三、南方淨火
三嚼子正要撲上,卻有尖銳的哨音響起,三嚼子身子一頓,吼中極不甘心地低吼了兩聲,騰騰騰連退了幾步,又是伺機而動的姿態。
火小邪從狗嘴中撿回一條性命,正覺得奇怪,只聽破廟牆外有人喊道:“三嚼子!待著別動!”
火小邪和甲丁乙都向破牆處看去,只見兩個人身手敏捷地翻了進來,快步跑到三嚼子身旁,神態古怪地看着甲丁乙和火小邪。
這兩人火小邪都認得,一個是御風神捕的周先生,一個是在王家大院放狗來咬他的鉤子兵鉤漸。
好在來的是周先生!他比張四爺要沉穩得多,也能講點道理。
破廟中的四人一片沉默,甲丁乙和火小邪也不敢貿然離開。
周先生看着甲丁乙手中握着的黑鞭、一身黑紗,又打量了一下甲丁乙的容貌,謹慎地說道:“你可是甲丁乙?”
甲丁乙冷笑道:“行不更名,坐不改姓,我就是甲丁乙。

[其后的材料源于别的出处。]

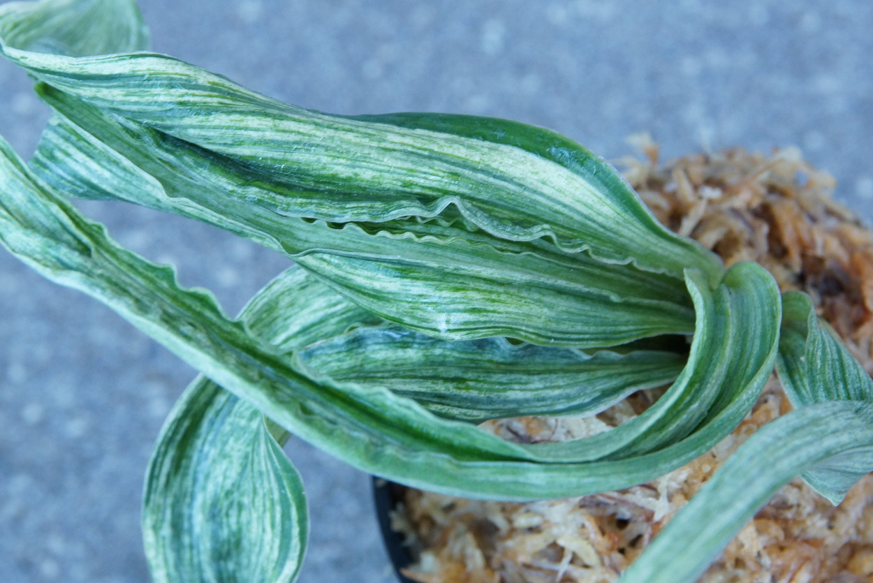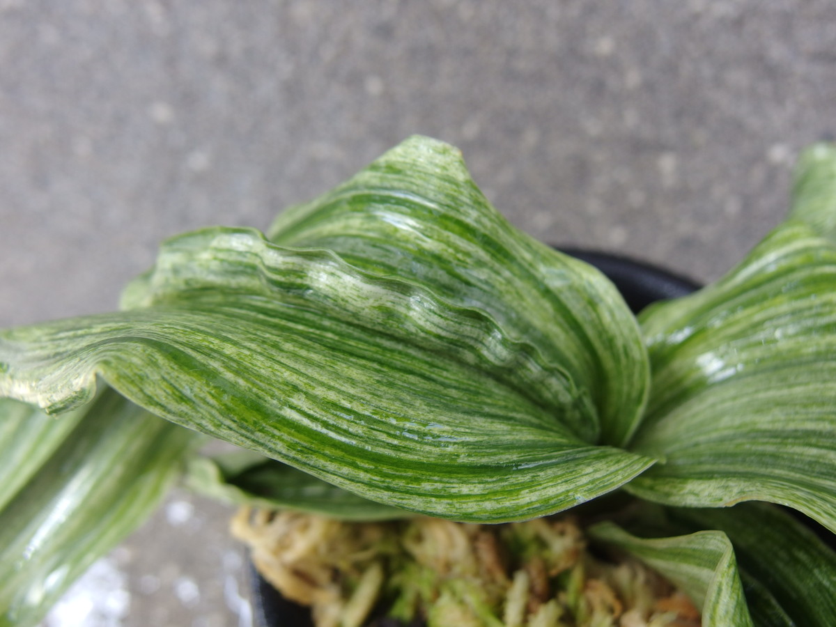 濃緑色の葉に美しい斑をみせる珍しい獅子

”
周先生轉頭看了看火小邪,哼道:“禍小鞋?”
火小邪喘着粗氣,點頭稱是。
周先生突然嘴巴一咧,笑出聲來:“哦?巧了巧了!不是冤家不聚頭,我真是奇怪了,你們兩個怎麼跑到這個荒郊野地躲着了?”
甲丁乙嘿嘿冷笑不止。
周先生看着甲丁乙說道:“甲丁乙,你是不是受了什麼內傷,身手大不如前啊?你揮鞭的動作,還不及一個普通的武師。”
甲丁乙哼了一聲,並不答話。
周先生說道:“不說話也不要緊,可惜你這般厲害的大盜,也有虎落平陽的時候。”
甲丁乙冷言道:“御風神捕,既然我落在你們手上,我無話可說,要殺要剮給個痛快話。”
周先生踱了兩步,摸了摸下巴上的鬍鬚,說道:“甲丁乙,你不要把御風神捕想得這麼小氣,就算你傷了我們一隻豹子犬,奪了張四爺的鐵虎爪,但你贏得正大光明,我們又與你並無冤仇,你受了內傷,施展不得,我們何必要爲難你?甲丁乙,你在廣東道上一直與賊作對,只偷贓物,名聲頗大,其實對我們來說,倒可以交個朋友。”
甲丁乙哼道:“嘿嘿,說話何必兜這麼大的圈子!你不就是想問我到底怎麼受的傷嗎?”
周先生呵呵一笑,說道:“甲丁乙,那我就直說了。像你這般的高手,怎麼會受了這麼重的傷,身手全失呢?莫非你得罪了什麼賊王?比如火行賊王?”
甲丁乙嘿嘿冷笑道:“嘿嘿嘿嘿,不妨告訴你,我並沒有受內傷,只是被火王嚴烈這小人打入我脊柱骨裏三枚火曜針,封住了我的經脈,所以我才施展不得!待我把火曜針取出來,身手和往常無異!”
周先生略有一驚,說道:“火王嚴烈這小人?火曜針?我明白了,甲丁乙,你與火王嚴烈有仇?”
甲丁乙哼道:“血海深仇。”
周先生嘆了一聲,說道:“甲丁乙,看來我們同病相憐啊。既然你坦誠相告,我也不妨告訴你,我們爲何也淪落到此處。來來來,要不我們坐下,喫點東西,慢慢道來?”
甲丁乙說道:“不必客氣,你愛說就說,我對你們的事情,並不關心。”
周先生輕聲一笑,並不答話,而是轉頭對火小邪說道:“禍小鞋,你與我們真是有緣啊!更沒想到你連甲丁乙都認識。你不用擔心,我們不再爲難你,玲瓏鏡的下落我們已經知道。禍小鞋,坐吧,都是天涯淪落人,一笑泯恩仇。你是不是很想喝水?”
火小邪狂奔一晚,剛纔又是一番打鬥,一直滴水未進,當真是渴得喉嚨冒煙,聽周先生這麼一說,倒不自覺地嚥了幾口。周先生是個明眼人,當即對鉤漸說道:“鉤漸,拿水囊來。”
鉤漸趕忙奉上,周先生接過,丟在火小邪面前。
火小邪看了一眼甲丁乙,甲丁乙面無表情,慢慢坐了下來,和周先生他們相對而坐。
火小邪見甲丁乙坐下,猶豫了一番,還是把水囊撿起,拔開塞子猛喝了幾大口,這才覺得身上輕鬆了許多。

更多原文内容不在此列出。